▶ [WORK ITEM]: Below, locate the line that contains "接下來開始建立旅遊景點,因此". Repeat exactly from that line to the line that contains "S texturovanou mašlí", inclusive, leaving out the pictures.

[Records from a collection]
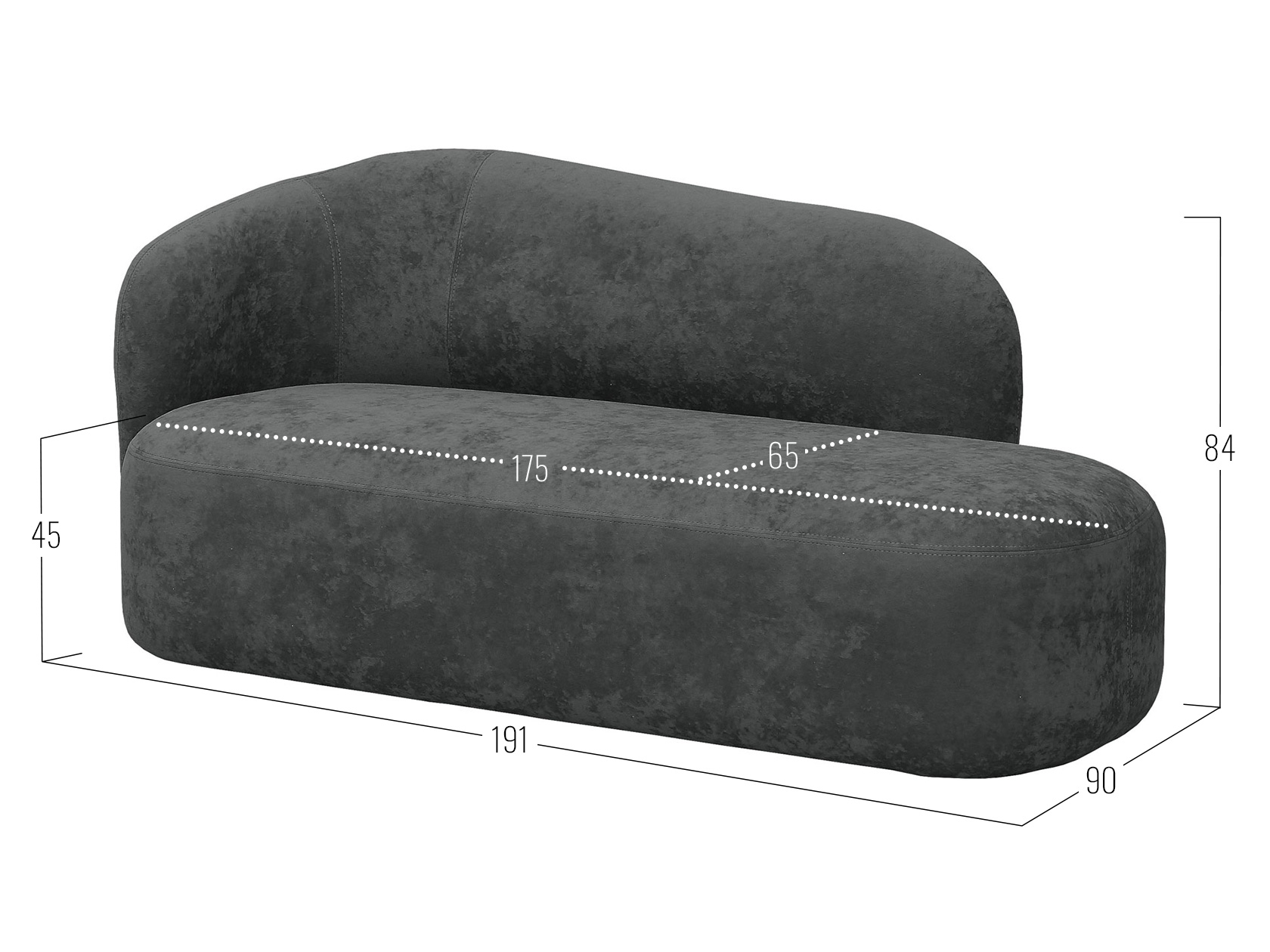 Модель можно использовать с целью зонирования пространства и комбинировать с другой мягкой мебелью. Плавный силуэт и отсутствие острых углов создают компактный и визуально легкий облик. Сиденье с глубокой посадкой и наполнитель из пены Memory дарят невероятный комфорт. На кушетке удобно расположиться за чтением книги или обеспечить дополнительное место для рассадки гостей.
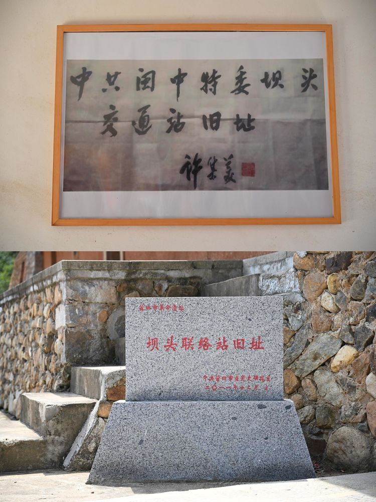 ▲立碑保护,闽中革命老同志,省政协原副主席、省老促会原会长许集美为坝头联络站旧址题字
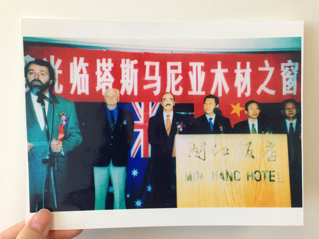 ????這是1999年習近平任福建省代省長時出席塔斯馬尼亞之窗木材交易會時的照片(左三為吉姆·培根州長),記錄下當年兩位“父母官”為地方經貿合作而出力的一幕。自我表揚一下,記者為尋到這張照片,可是很花了番功夫。
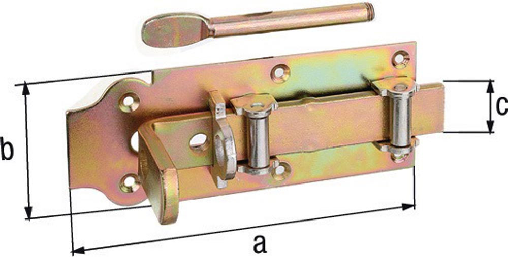 mit flachem Griff · der rückseitig eingeschraubte Stift erlaubt ein Öffnen des Tores von innen · Material: Stahl, Oberfläche: galvanisch gelb verzinkt · Ausführung: gerade, mit befestigter Schlaufe · Aufgrund von Umstellungen der Oberfläche kann dieser Artikel in unterschiedlichen Ausführungen (gelb-verzinkt, sendzimirverzinkt oder verzinkt-dickschicktpassiviert) geliefert werden.
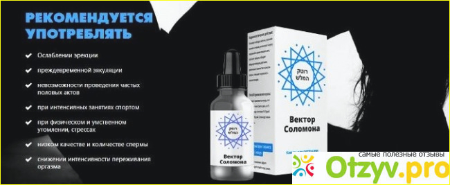Насыщенная половая жизнь – это пожалуй одни из самых важных аспектов гармонии в семье. Регулярность половой жизни оказывает благоприятное действие на физическое здоровье и семейное благополучие. Регулярный секс это снятие напряжения, снижение депрессии и разного рода раздражителей. Препарат Вектор Соломона это новинка в области оздоровления мужского организма состоящая из натуральных ингредиентов, которые увеличивают мужскую силу при снижение или отсутствие потенции. Препарат норвежского производства и активно распространяется в Европе и Америке. На российском рынке средство для потенции представлено не так давно, поэтому продажа осуществляется через официальное представительство.
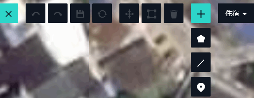接下來開始建立旅遊景點,因此先建立一個景點的圖層,接著新增一個景點,用來標示崇德螢農場,由於農場範圍廣大,剛好可以用來示範建立範圍,請點選【+】之後,選擇第一個選項來標示範圍。
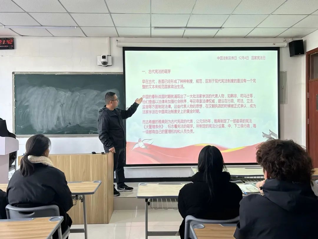 在“宪法宣传周”期间,各班团支书开展“学宪法 讲宪法”主题团课。宪法是国家的根本大法,学宪法讲宪法是大学生的必修课。通过讲解宪法的地位、作用、修订、更新的过程,强调宪法在生活中的重要作用,宣传宪法精神和习近平法治思想,号召大家主动学习宪法、自觉捍卫宪法、弘扬宪法精神,为社会主义和谐社会建设做出应有贡献。
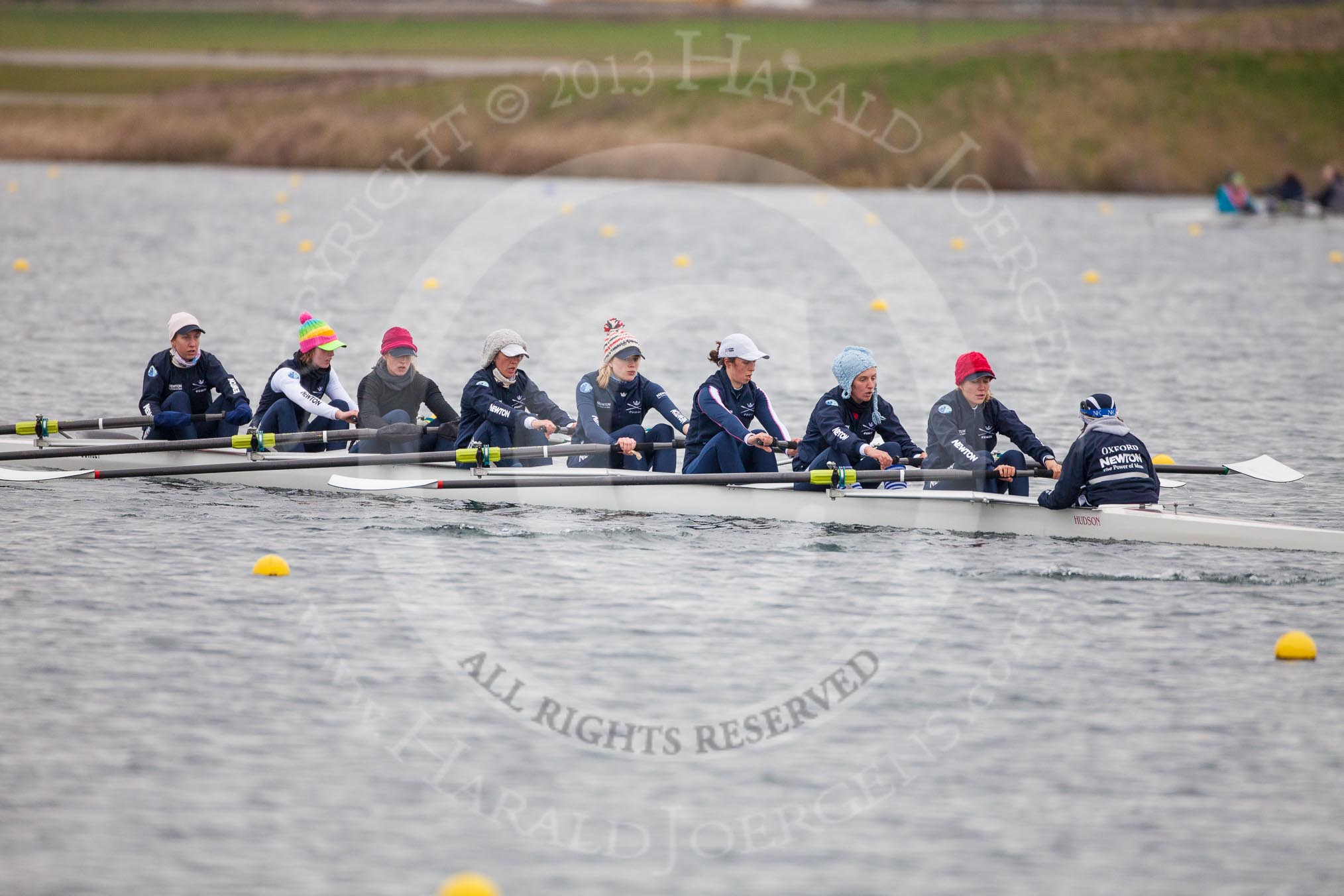 The Boat Race season 2013 - fixture OUWBC vs Molesey BC: The OUWBC Eight: Bow Mariann Novak, Alice Carrington-Windo, Mary Foord Weston, Joanna Lee, Amy Varney, Harriet Keane, Anastasia Chitty, stroke Maxie Scheske and cox Sophie Shawdon.. Dorney Lake, Dorney, Windsor, Berkshire, United Kingdom, on 24 February 2013 at 11:46, image #88
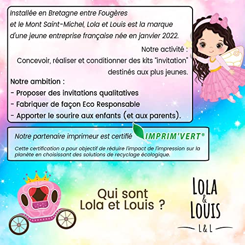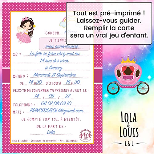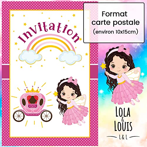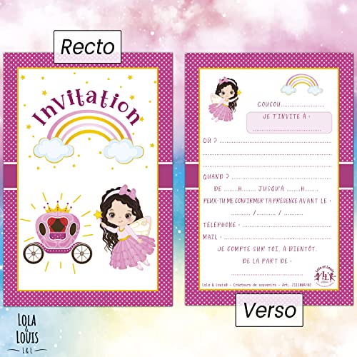 Specification: 10 cartes invitation anniversaire fille • 10 enveloppes • Thème Princesse, Carrosse, Arc en ciel • Pour inviter filles…
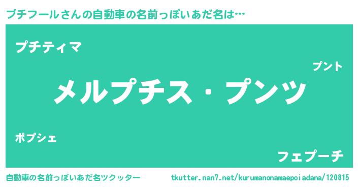 | 意味不明あだ名 | 『自称プチフール』『ペロリンプチフール』 |
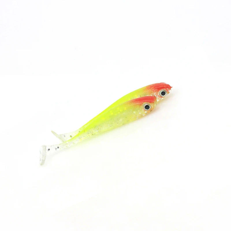 5 stuks per partij, zacht aas lokkers, 3D ogen, T-staart, 70 mm, 2,1 g, wobblers, wormvis, siliconen kunstmatig visaas, jigkop
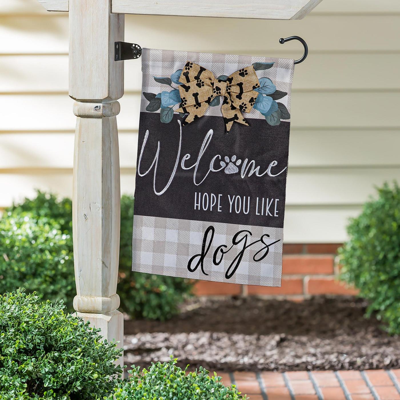 S texturovanou mašlí a nádhernou barvou přivítejte své hosty vzkazem „Vítejte, doufám, že máte rádi psy“ pro zábavné pozdravení. Tato vlajka je perfektním doplňkem pro milovníky psů, aby projevili trochu lásky svým chlupatým kamarádům.
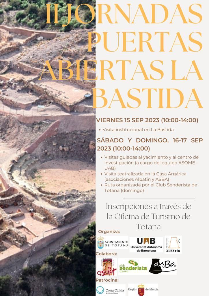 El director general del Instituto de Turismo de la Región de Murcia (Itrem), Juan Francisco Martínez, que participó en la presentación de este evento, junto con el alcalde de Totana, Juan Pagán, puso en valor esta iniciativa, impulsada por la Asociación Cultural Albatín y que ha contado con el apoyo del Gobierno regional. Martínez destacó que “esta cita permitirá extender las actividades programadas para el Día de La Bastida más allá del yacimiento arqueológico del mismo nombre, llevándolas al municipio, un hecho que beneficiará, al mismo tiempo, a comercios, establecimientos, asociaciones y otros colectivos”.
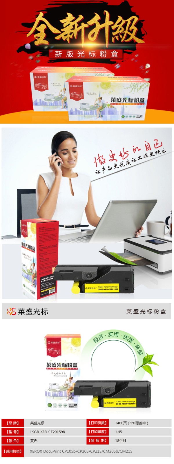 萊盛光標LSGB-XER-CT201598黃色粉盒 施樂CP105b/CP205/CP215/CM205b/CM215 黃粉盒
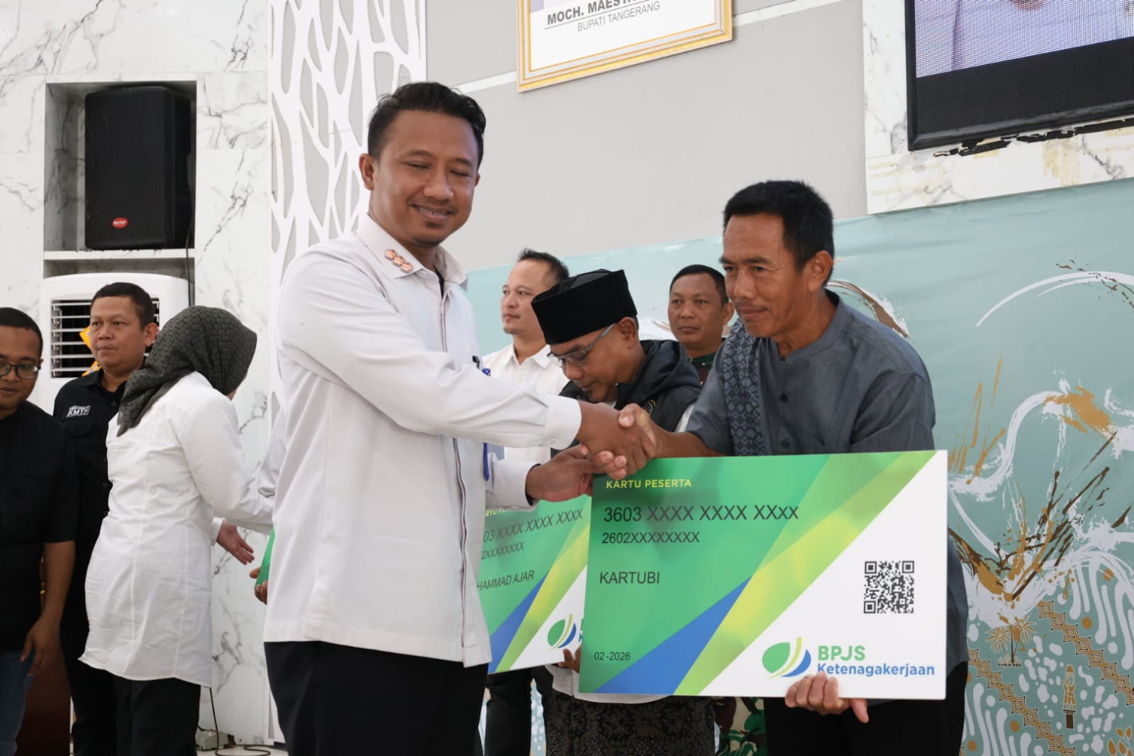 detak.co.id TANGERANG,—Bupati Tangerang Moch. Maesyal Rasyid memberikan bantuan perlindungan BPJS Ketenagakerjaan bagi 500 guru ngaji yang tersebar di lima (5) kecamatan wilayah Utara Kabupaten Tangerang, yaitu: Kec. Mauk, Kosambi, Pakuhaji, Teluk Naga dan Kec. Sukadiri. Penyerahan bantuan tersebut dipusatkan di Aula Kecamatan Mauk, Jumat (13/2/26).

▶ [RESULT OF THE EXERCISE]:
接下來開始建立旅遊景點,因此先建立一個景點的圖層,接著新增一個景點,用來標示崇德螢農場,由於農場範圍廣大,剛好可以用來示範建立範圍,請點選【+】之後,選擇第一個選項來標示範圍。
 在“宪法宣传周”期间,各班团支书开展“学宪法 讲宪法”主题团课。宪法是国家的根本大法,学宪法讲宪法是大学生的必修课。通过讲解宪法的地位、作用、修订、更新的过程,强调宪法在生活中的重要作用,宣传宪法精神和习近平法治思想,号召大家主动学习宪法、自觉捍卫宪法、弘扬宪法精神,为社会主义和谐社会建设做出应有贡献。
 The Boat Race season 2013 - fixture OUWBC vs Molesey BC: The OUWBC Eight: Bow Mariann Novak, Alice Carrington-Windo, Mary Foord Weston, Joanna Lee, Amy Varney, Harriet Keane, Anastasia Chitty, stroke Maxie Scheske and cox Sophie Shawdon.. Dorney Lake, Dorney, Windsor, Berkshire, United Kingdom, on 24 February 2013 at 11:46, image #88
 Specification: 10 cartes invitation anniversaire fille • 10 enveloppes • Thème Princesse, Carrosse, Arc en ciel • Pour inviter filles…
 | 意味不明あだ名 | 『自称プチフール』『ペロリンプチフール』 |
 5 stuks per partij, zacht aas lokkers, 3D ogen, T-staart, 70 mm, 2,1 g, wobblers, wormvis, siliconen kunstmatig visaas, jigkop
 S texturovanou mašlí a nádhernou barvou přivítejte své hosty vzkazem „Vítejte, doufám, že máte rádi psy“ pro zábavné pozdravení. Tato vlajka je perfektním doplňkem pro milovníky psů, aby projevili trochu lásky svým chlupatým kamarádům.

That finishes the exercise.